The Jena Six were six black teenagers in Jena, Louisiana, convicted in the 2006 beating of Justin Barker, a white student at the local Jena High School, which they also attended. Barker was injured on December 4, 2006, by the members of the Jena Six, and received treatment at an emergency room. While the case was pending, it was often cited by some media commentators as an example of racial injustice in the United States. Some commentators believed that the defendants had been charged initially with too-serious offenses and had been treated unfairly.
A number of events had taken place in and around Jena in the months before the Barker assault, which the media have associated with an alleged escalation of local racial tensions. These events included the hanging of rope nooses from a tree in the high school courtyard, two violent confrontations between white and black youths, and the destruction by fire of the main building of Jena High School. Extensive news coverage related to the Jena Six often reported these events as linked. Federal and parish attorneys concluded from their investigations that assessment was inaccurate for some of the events; for instance, the burning of the high school was an attempt to destroy grade records.
Six students (Robert Bailey, then aged 17; Mychal Bell, then 16; Carwin Jones, then 18; Bryant Purvis, then 17; Jesse Ray Beard, then 14; and Theo Shaw, then 17) were arrested in the assault of Barker. Mychal Bell was initially convicted as an adult of aggravated battery and conspiracy to commit aggravated battery. His convictions were overturned on the grounds that he should have been tried as a juvenile. Before a retrial in juvenile court, Bell pleaded guilty to a reduced charge of simple battery. The other five defendants later pleaded "no contest" to the same offense, and were convicted.

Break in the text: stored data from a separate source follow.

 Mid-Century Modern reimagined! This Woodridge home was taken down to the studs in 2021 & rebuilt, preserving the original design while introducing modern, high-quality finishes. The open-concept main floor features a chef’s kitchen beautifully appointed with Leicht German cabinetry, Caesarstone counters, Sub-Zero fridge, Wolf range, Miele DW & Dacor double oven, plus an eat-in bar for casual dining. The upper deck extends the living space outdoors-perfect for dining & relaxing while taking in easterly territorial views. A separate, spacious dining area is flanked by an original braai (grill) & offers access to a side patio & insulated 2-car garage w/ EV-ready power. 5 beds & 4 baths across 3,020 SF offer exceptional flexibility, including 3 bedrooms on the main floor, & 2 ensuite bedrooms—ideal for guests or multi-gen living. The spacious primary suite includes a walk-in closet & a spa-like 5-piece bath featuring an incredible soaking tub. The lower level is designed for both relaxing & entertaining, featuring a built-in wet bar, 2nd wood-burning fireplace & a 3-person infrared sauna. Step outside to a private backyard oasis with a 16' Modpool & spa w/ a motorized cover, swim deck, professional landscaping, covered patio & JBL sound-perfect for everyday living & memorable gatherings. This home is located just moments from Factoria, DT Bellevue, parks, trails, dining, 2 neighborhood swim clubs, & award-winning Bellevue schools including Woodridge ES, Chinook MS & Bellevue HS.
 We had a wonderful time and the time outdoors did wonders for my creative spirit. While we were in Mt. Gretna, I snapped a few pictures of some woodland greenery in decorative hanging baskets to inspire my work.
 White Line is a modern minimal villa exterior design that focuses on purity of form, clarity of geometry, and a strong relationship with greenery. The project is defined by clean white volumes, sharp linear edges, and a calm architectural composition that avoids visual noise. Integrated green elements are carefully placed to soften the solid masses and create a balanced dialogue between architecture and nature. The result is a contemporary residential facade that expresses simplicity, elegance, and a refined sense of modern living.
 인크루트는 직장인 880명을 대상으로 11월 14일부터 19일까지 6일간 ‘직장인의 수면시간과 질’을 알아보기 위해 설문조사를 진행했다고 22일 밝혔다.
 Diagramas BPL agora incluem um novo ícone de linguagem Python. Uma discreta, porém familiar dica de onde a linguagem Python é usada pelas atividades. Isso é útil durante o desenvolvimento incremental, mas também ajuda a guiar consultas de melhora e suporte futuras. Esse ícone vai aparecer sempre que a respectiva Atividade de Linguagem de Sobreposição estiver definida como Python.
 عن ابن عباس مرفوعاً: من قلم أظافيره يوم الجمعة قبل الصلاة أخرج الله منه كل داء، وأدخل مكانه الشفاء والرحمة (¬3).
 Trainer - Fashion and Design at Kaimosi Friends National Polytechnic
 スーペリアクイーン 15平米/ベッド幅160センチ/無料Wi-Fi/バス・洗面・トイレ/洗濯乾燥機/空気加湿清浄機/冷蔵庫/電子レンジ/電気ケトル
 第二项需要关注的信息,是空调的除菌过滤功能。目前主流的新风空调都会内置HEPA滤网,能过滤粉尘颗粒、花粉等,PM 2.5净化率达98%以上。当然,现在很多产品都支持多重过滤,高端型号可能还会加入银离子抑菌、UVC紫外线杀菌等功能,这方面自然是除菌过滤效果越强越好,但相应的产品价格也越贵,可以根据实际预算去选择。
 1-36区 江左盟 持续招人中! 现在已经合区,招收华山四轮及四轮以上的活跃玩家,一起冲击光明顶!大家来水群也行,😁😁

The Jena Six case sparked protests by persons who considered the arrests and subsequent charges, initially attempted second-degree murder (though later reduced), as excessive and racially discriminatory. The protesters asserted that white Jena youths involved in similar incidents were treated more leniently. On September 20, 2007, between 15,000 and 20,000 protesters marched on Jena in what was described as the "largest civil rights demonstration in years". Related protests were held in other US cities on the same day. Subsequent reactions included songs alluding to the Jena Six, numerous editorials and opinion columns, and congressional hearings.